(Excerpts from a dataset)
========================================================================
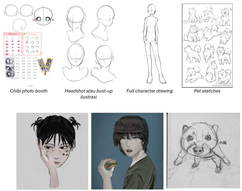 Usaha ini berfokus pada jasa komisi gambar ilustrasi, baik digital maupun tradisional, dengan berbagai gaya seperti chibi, headshot, bust-up, full character drawing, hingga sketsa hewan peliharaan. Setiap karya dirancang dengan pendekatan personal yang ekspresif dan imajinatif, menjadikan setiap ilustrasi memiliki karakter dan nilai sentimental yang khas.
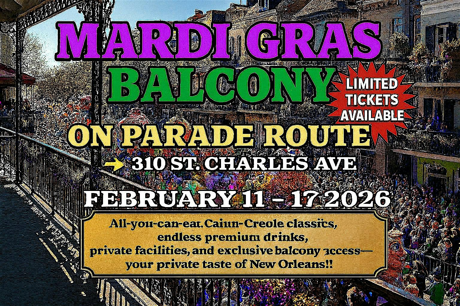 by admin07Feb ***Mardi Gras Balcony @ DAISY DUKES** Tickets limited to only 35 per parade at 310 St Charles Ave – New Orleans, LA ***Mardi Gras Balcony @ DAISY DUKES** Tickets limited to only 35 per parade at 310 St Charles Ave – New Orleans, LA 1 1 people viewed this event. Get ready to party in style at the Mardi Gras Balcony @ DAISY DUKES – only 35 tickets available per parade, so grab yours now! Tickets-RSVP Link Date And Time Saturday, February 14th, 2026 04:00 PM (PST) Venue 310 St Charles Ave Location 310 Saint Charles Avenue Event Types Mardi GrasParty or Social Gathering Event Category LouisianaNew Orleans Share With Friends Facebook Twitter Linkedin Xing Pinterest Share This Post:
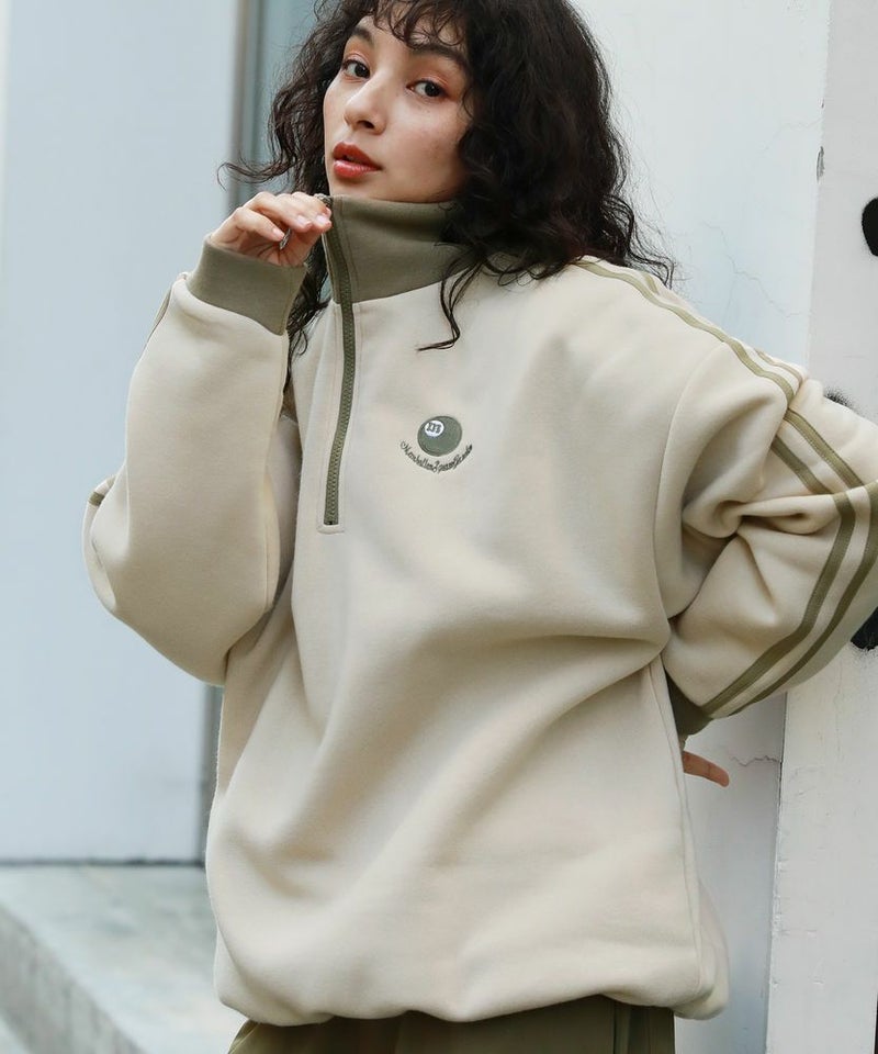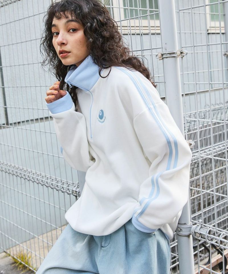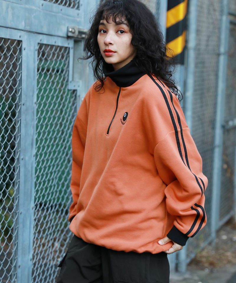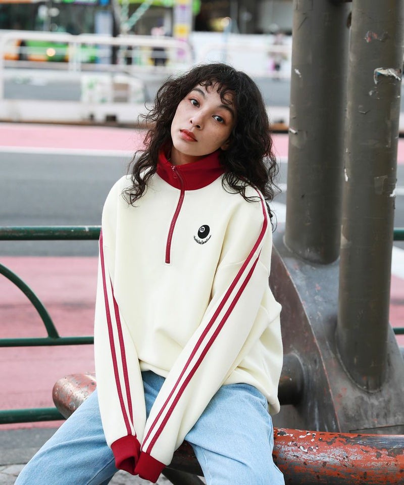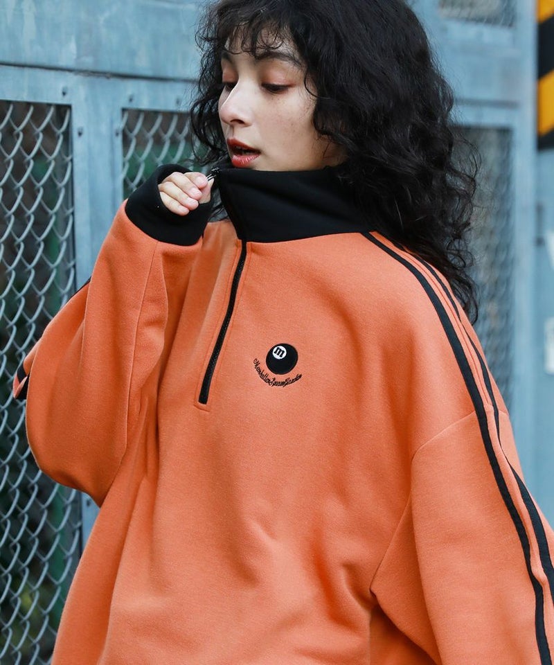 オーバーサイズハーフジップスウェットプルオーバー 配色 ビリヤードロゴ ワンポイント刺繍 サイドライン トラックジャケット
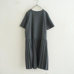 ヴェリテクール Veritecoeur *ウールプリーツ切替ワンピース*F毛グレー半袖ノーカラーフレアドレス(25-2510-216)【40K52】
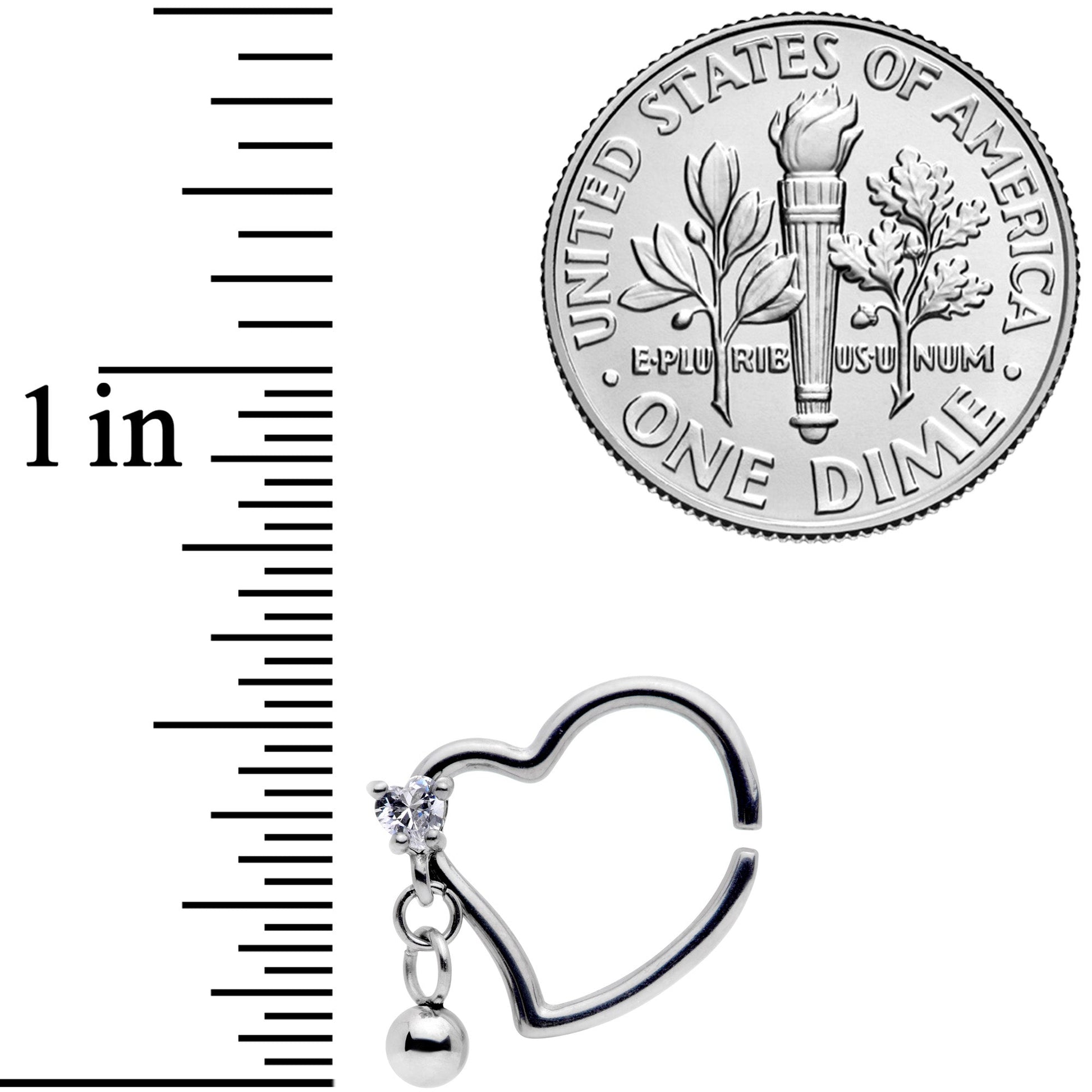 16 Gauge 3/8 Clear CZ Gem Funky Heart Right Dangle Closure Ring
========================================================================
▸ **Work order**: Which lines run from the one holding "by admin07Feb ***Mardi" through the end of the records? Reproduce them word for word, both ends included, with no pictures.

▸ **Written reply**:
 by admin07Feb ***Mardi Gras Balcony @ DAISY DUKES** Tickets limited to only 35 per parade at 310 St Charles Ave – New Orleans, LA ***Mardi Gras Balcony @ DAISY DUKES** Tickets limited to only 35 per parade at 310 St Charles Ave – New Orleans, LA 1 1 people viewed this event. Get ready to party in style at the Mardi Gras Balcony @ DAISY DUKES – only 35 tickets available per parade, so grab yours now! Tickets-RSVP Link Date And Time Saturday, February 14th, 2026 04:00 PM (PST) Venue 310 St Charles Ave Location 310 Saint Charles Avenue Event Types Mardi GrasParty or Social Gathering Event Category LouisianaNew Orleans Share With Friends Facebook Twitter Linkedin Xing Pinterest Share This Post:
 オーバーサイズハーフジップスウェットプルオーバー 配色 ビリヤードロゴ ワンポイント刺繍 サイドライン トラックジャケット
 ヴェリテクール Veritecoeur *ウールプリーツ切替ワンピース*F毛グレー半袖ノーカラーフレアドレス(25-2510-216)【40K52】
 16 Gauge 3/8 Clear CZ Gem Funky Heart Right Dangle Closure Ring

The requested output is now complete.